Exercise objective: The expected response is the full listing, retyped exactly, without its images.
═══
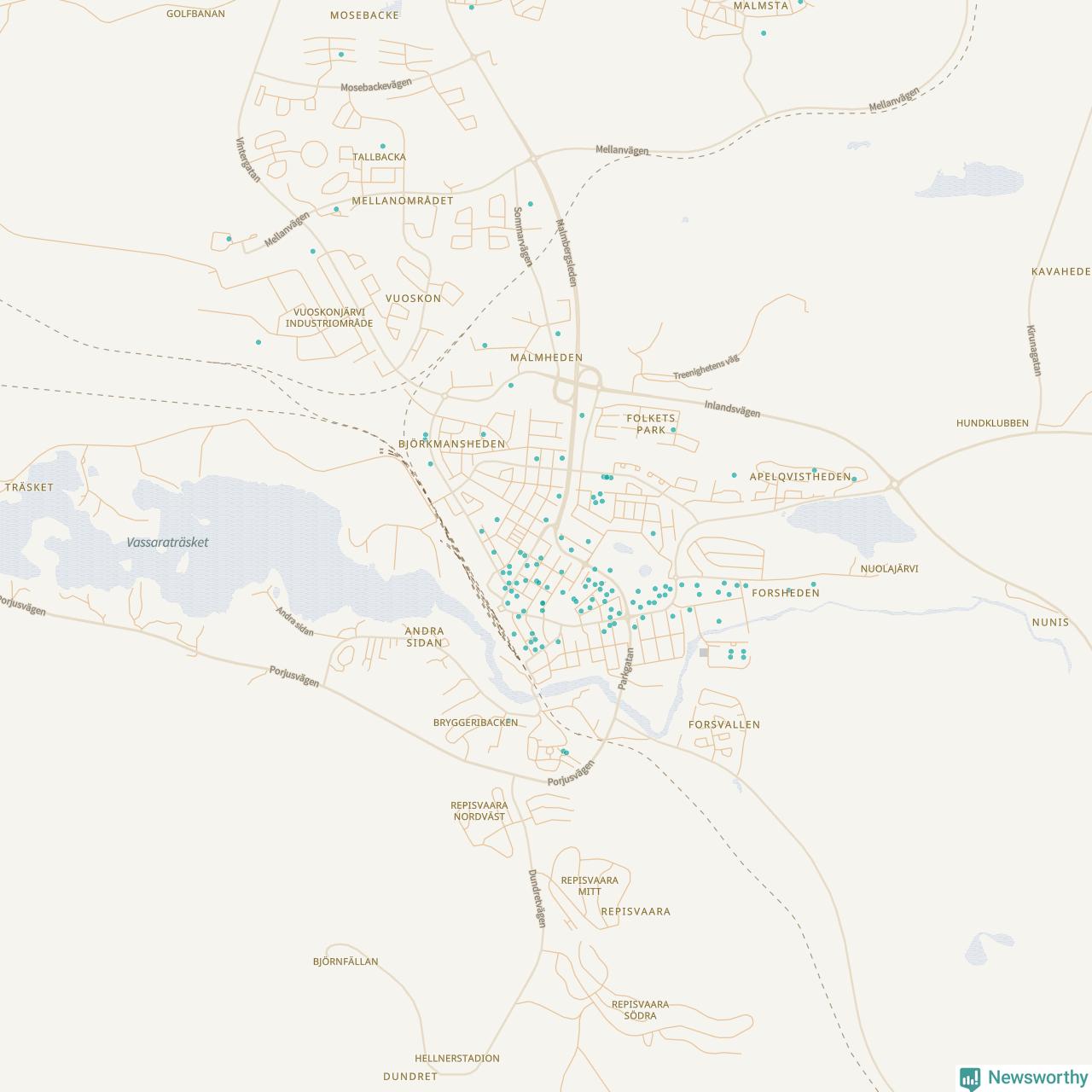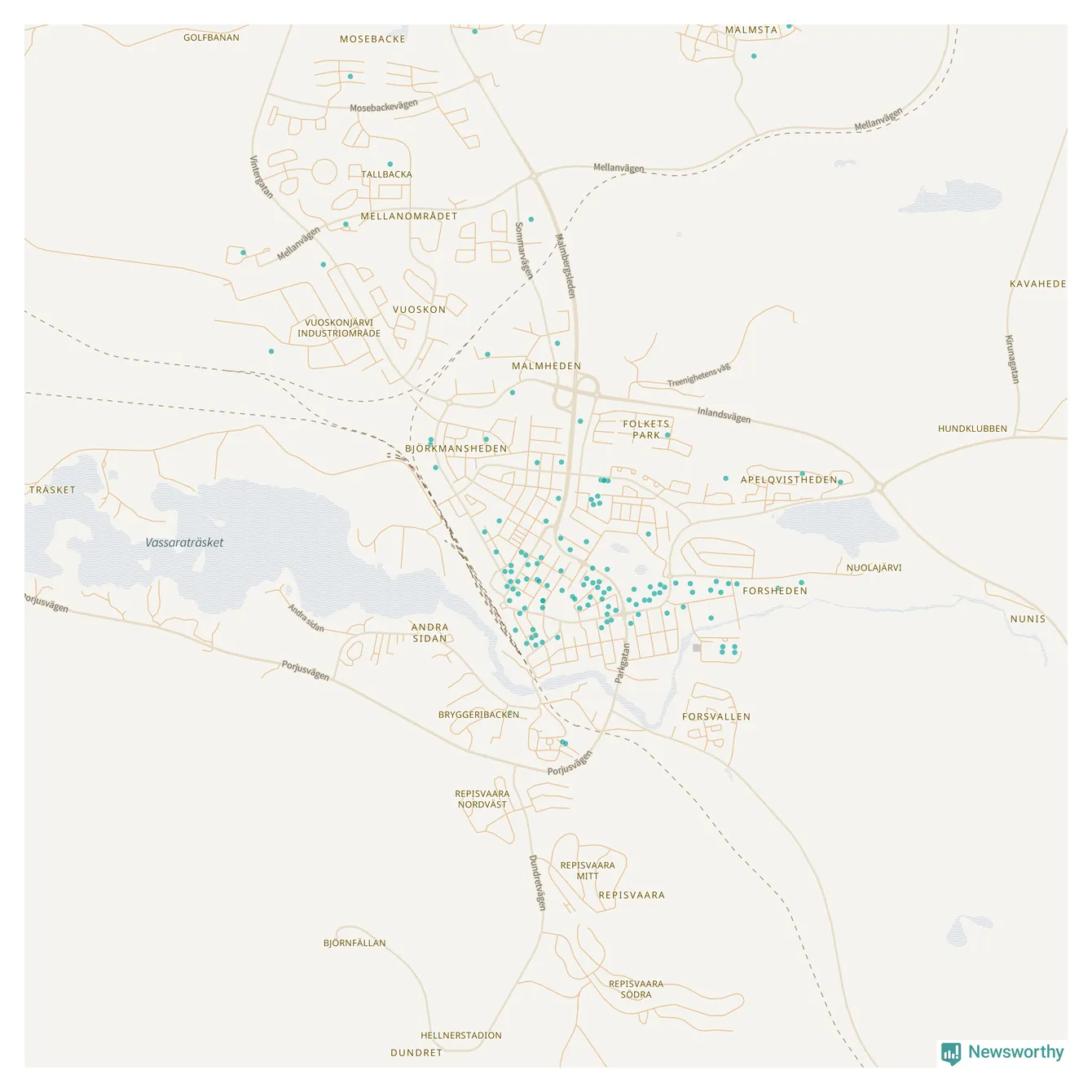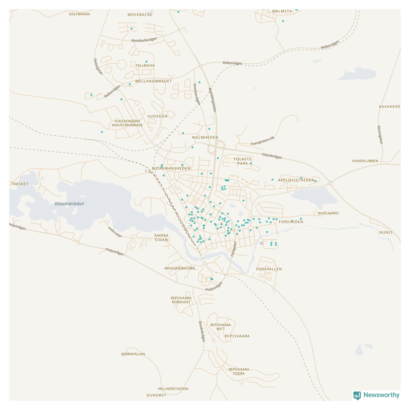 | Älvsbyn | 62 | 5 697 | 73 % |
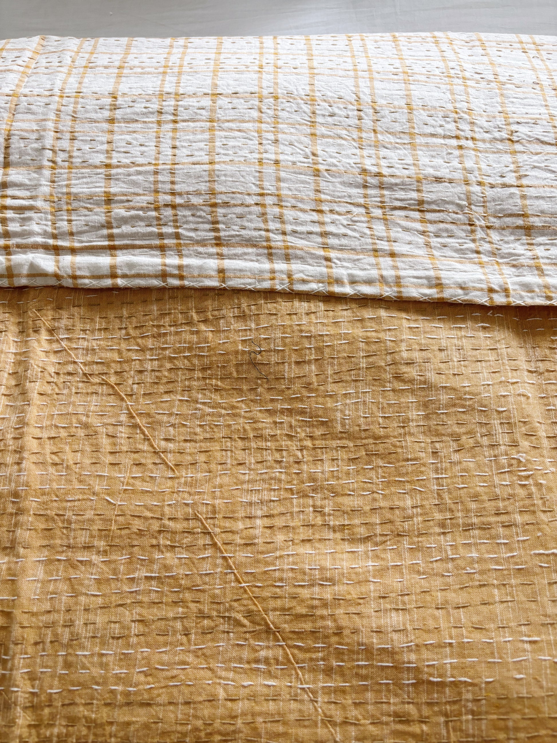 Designed keeping the Coastal living in mind , this kantha quilt is reversible and features plain citrine yellow on one side and a coastal check on the other side .
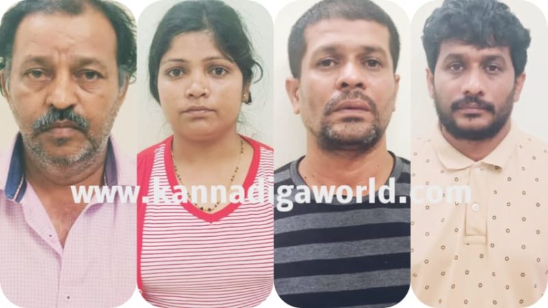 (ಆರೋಪಿಗಳಾದ ಸದಾನಂದ, ಶಿಲ್ಪಾ, ಸತೀಶ್, ನಿತಿನ್)
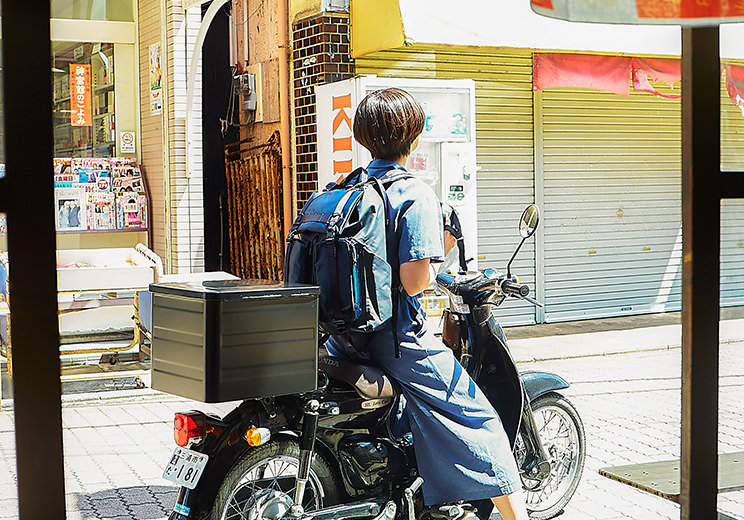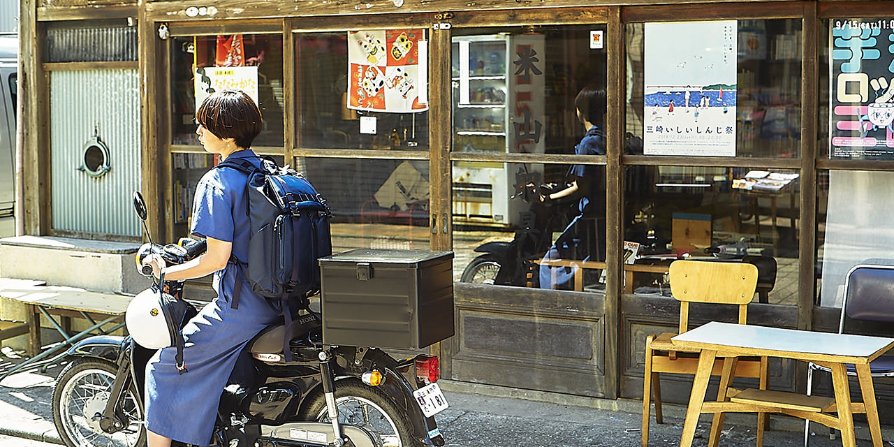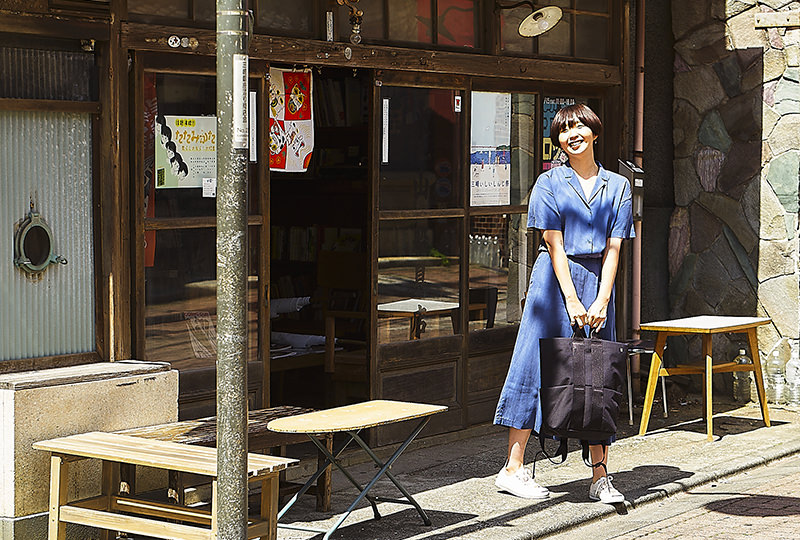「打ち合わせに出かけま〜す」。海と空が一体となった見晴らしがいい橋を、愛車のカブで渡るのがいつも楽しみなんだとか。「ラップトップ、本、資料……と荷物が重い!」と、仕事にはバックパックが基本。同系色のコーディネートがいい感じ♪
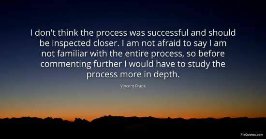 Frank, Vincent. (2026, January 16). I don't think the process was successful and should be inspected closer. I am not afraid to say I am not familiar with the entire process, so before commenting further I would have to study the process more in depth. FixQuotes. https://fixquotes.com/quotes/i-dont-think-the-process-was-successful-and-98011/
═══
Result for this exercise:
 | Älvsbyn | 62 | 5 697 | 73 % |
 Designed keeping the Coastal living in mind , this kantha quilt is reversible and features plain citrine yellow on one side and a coastal check on the other side .
 (ಆರೋಪಿಗಳಾದ ಸದಾನಂದ, ಶಿಲ್ಪಾ, ಸತೀಶ್, ನಿತಿನ್)
「打ち合わせに出かけま〜す」。海と空が一体となった見晴らしがいい橋を、愛車のカブで渡るのがいつも楽しみなんだとか。「ラップトップ、本、資料……と荷物が重い!」と、仕事にはバックパックが基本。同系色のコーディネートがいい感じ♪
 Frank, Vincent. (2026, January 16). I don't think the process was successful and should be inspected closer. I am not afraid to say I am not familiar with the entire process, so before commenting further I would have to study the process more in depth. FixQuotes. https://fixquotes.com/quotes/i-dont-think-the-process-was-successful-and-98011/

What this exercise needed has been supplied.